Your task>
Reproduce without any pictures the lines from the one that contains "Product Name Glass" through the end of the records, exactly as written.

=== Material supplied ===

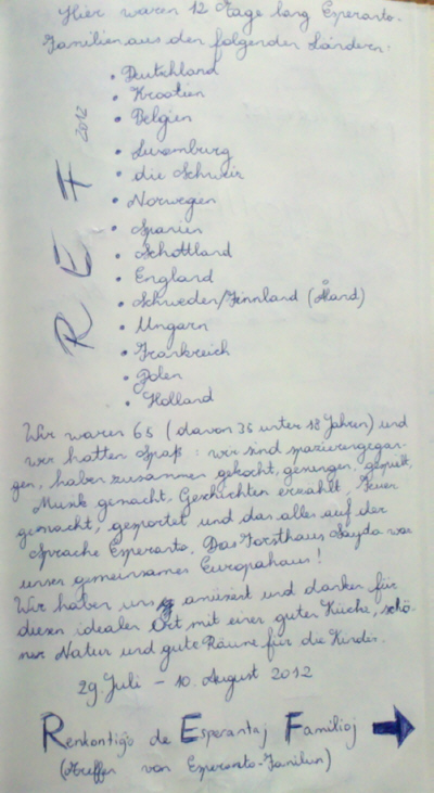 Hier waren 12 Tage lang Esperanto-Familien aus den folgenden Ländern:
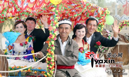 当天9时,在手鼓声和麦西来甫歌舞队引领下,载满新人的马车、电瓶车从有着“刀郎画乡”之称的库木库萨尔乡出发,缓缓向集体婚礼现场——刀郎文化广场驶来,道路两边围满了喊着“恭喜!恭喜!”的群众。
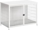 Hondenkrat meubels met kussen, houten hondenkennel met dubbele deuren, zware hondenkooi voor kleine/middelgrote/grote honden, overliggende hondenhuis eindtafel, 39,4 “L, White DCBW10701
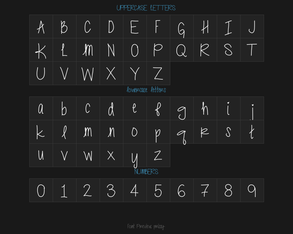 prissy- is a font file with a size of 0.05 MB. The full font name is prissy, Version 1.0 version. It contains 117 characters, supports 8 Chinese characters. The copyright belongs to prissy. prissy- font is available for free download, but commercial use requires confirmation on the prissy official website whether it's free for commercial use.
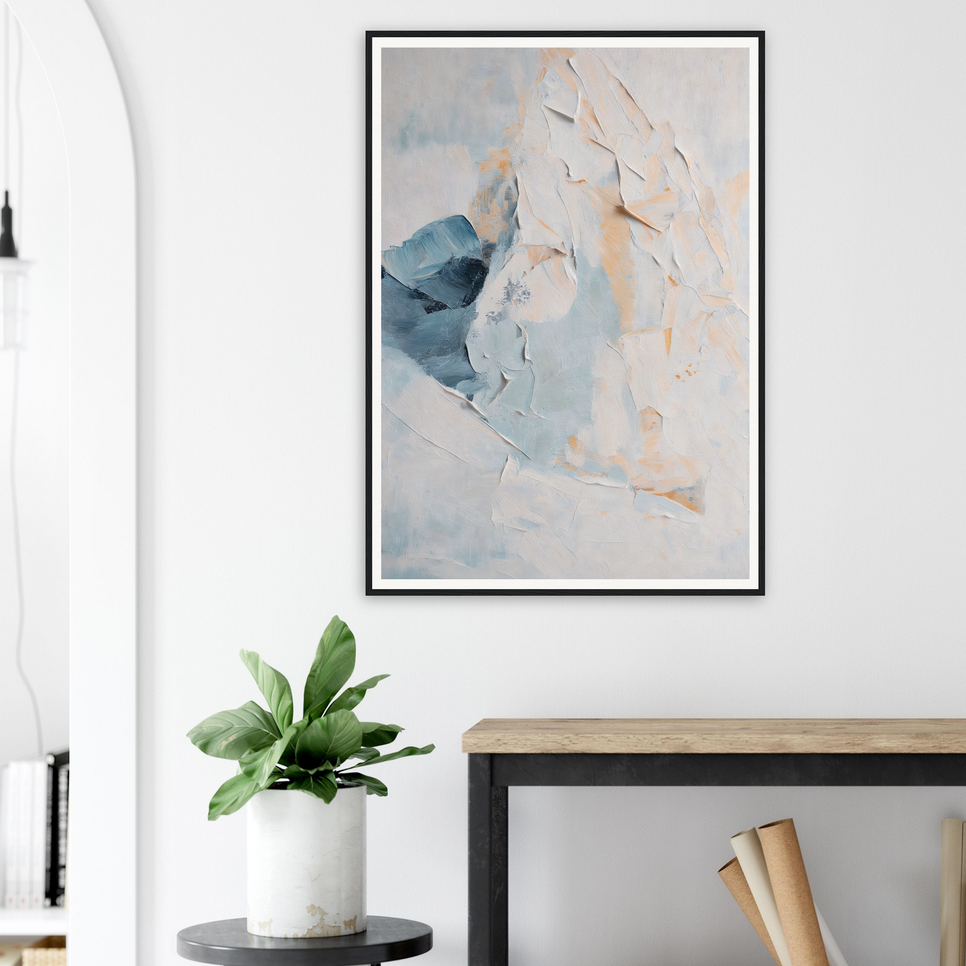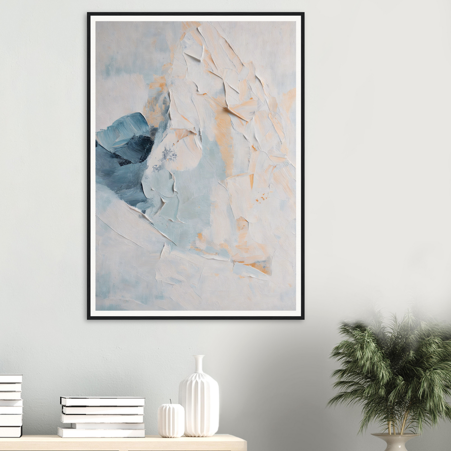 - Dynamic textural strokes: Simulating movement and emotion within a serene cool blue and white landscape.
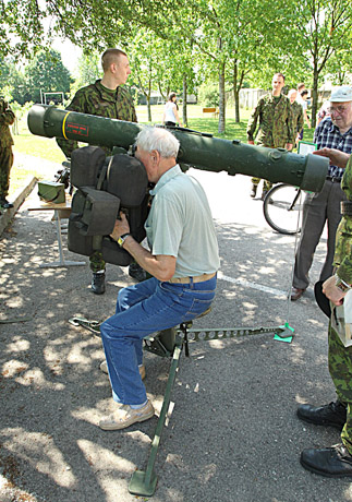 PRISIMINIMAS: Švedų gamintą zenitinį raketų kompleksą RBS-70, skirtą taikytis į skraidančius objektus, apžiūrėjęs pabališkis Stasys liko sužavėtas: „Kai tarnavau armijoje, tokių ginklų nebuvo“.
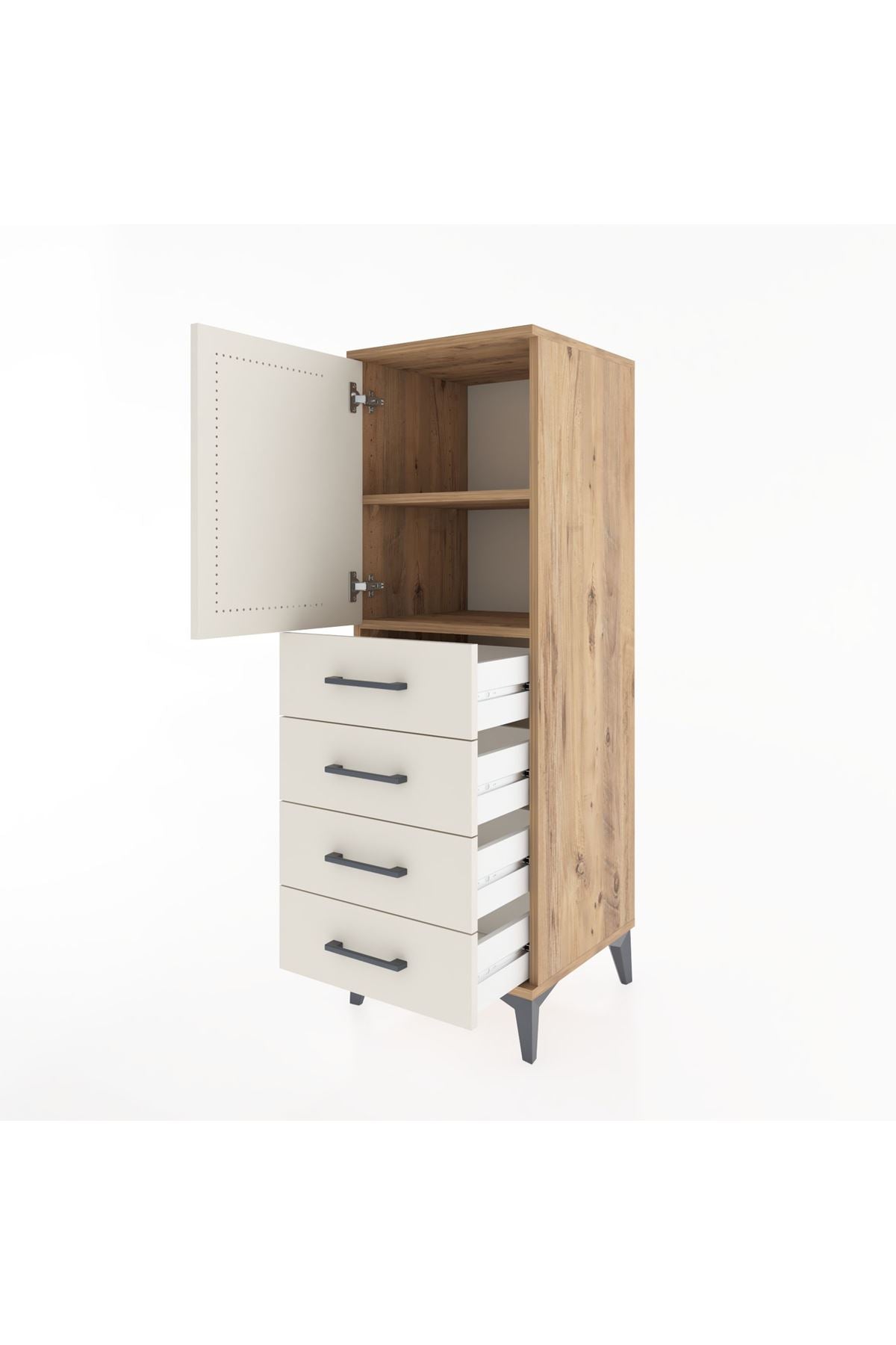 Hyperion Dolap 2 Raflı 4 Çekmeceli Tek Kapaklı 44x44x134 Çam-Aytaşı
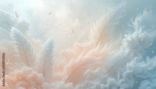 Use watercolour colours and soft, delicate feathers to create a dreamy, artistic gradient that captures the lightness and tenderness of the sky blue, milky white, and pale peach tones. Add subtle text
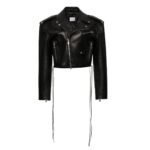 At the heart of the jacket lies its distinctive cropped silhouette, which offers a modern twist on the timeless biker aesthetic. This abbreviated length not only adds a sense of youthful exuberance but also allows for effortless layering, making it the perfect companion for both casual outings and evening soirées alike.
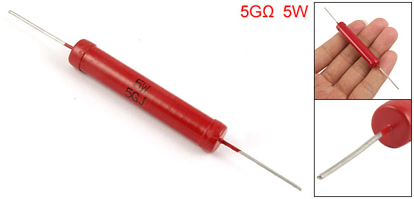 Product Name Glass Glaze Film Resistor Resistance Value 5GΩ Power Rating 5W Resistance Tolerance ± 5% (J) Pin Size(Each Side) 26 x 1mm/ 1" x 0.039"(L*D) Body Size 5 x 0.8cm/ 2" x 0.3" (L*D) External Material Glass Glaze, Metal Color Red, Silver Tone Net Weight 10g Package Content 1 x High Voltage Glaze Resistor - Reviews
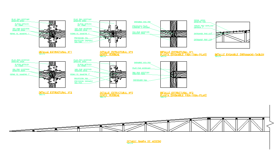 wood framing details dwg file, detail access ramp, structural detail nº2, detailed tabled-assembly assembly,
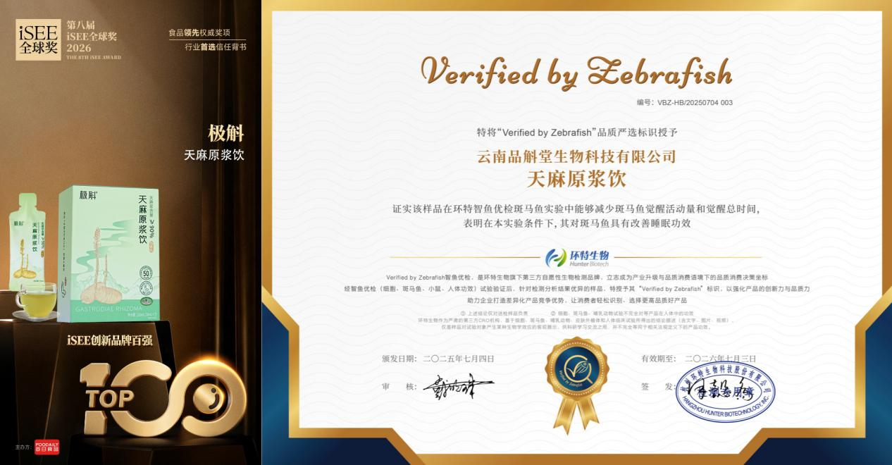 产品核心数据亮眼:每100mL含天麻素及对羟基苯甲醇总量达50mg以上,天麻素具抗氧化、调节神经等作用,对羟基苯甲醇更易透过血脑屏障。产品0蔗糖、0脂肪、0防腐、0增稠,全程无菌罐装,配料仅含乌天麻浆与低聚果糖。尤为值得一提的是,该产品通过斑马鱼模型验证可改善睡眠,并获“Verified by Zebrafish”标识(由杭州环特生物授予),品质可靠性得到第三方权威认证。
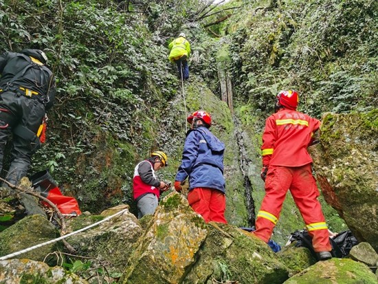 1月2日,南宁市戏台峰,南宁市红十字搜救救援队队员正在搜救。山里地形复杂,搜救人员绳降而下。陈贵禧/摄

===

Solution for this problem>
 Product Name Glass Glaze Film Resistor Resistance Value 5GΩ Power Rating 5W Resistance Tolerance ± 5% (J) Pin Size(Each Side) 26 x 1mm/ 1" x 0.039"(L*D) Body Size 5 x 0.8cm/ 2" x 0.3" (L*D) External Material Glass Glaze, Metal Color Red, Silver Tone Net Weight 10g Package Content 1 x High Voltage Glaze Resistor - Reviews
 wood framing details dwg file, detail access ramp, structural detail nº2, detailed tabled-assembly assembly,
 产品核心数据亮眼:每100mL含天麻素及对羟基苯甲醇总量达50mg以上,天麻素具抗氧化、调节神经等作用,对羟基苯甲醇更易透过血脑屏障。产品0蔗糖、0脂肪、0防腐、0增稠,全程无菌罐装,配料仅含乌天麻浆与低聚果糖。尤为值得一提的是,该产品通过斑马鱼模型验证可改善睡眠,并获“Verified by Zebrafish”标识(由杭州环特生物授予),品质可靠性得到第三方权威认证。
 1月2日,南宁市戏台峰,南宁市红十字搜救救援队队员正在搜救。山里地形复杂,搜救人员绳降而下。陈贵禧/摄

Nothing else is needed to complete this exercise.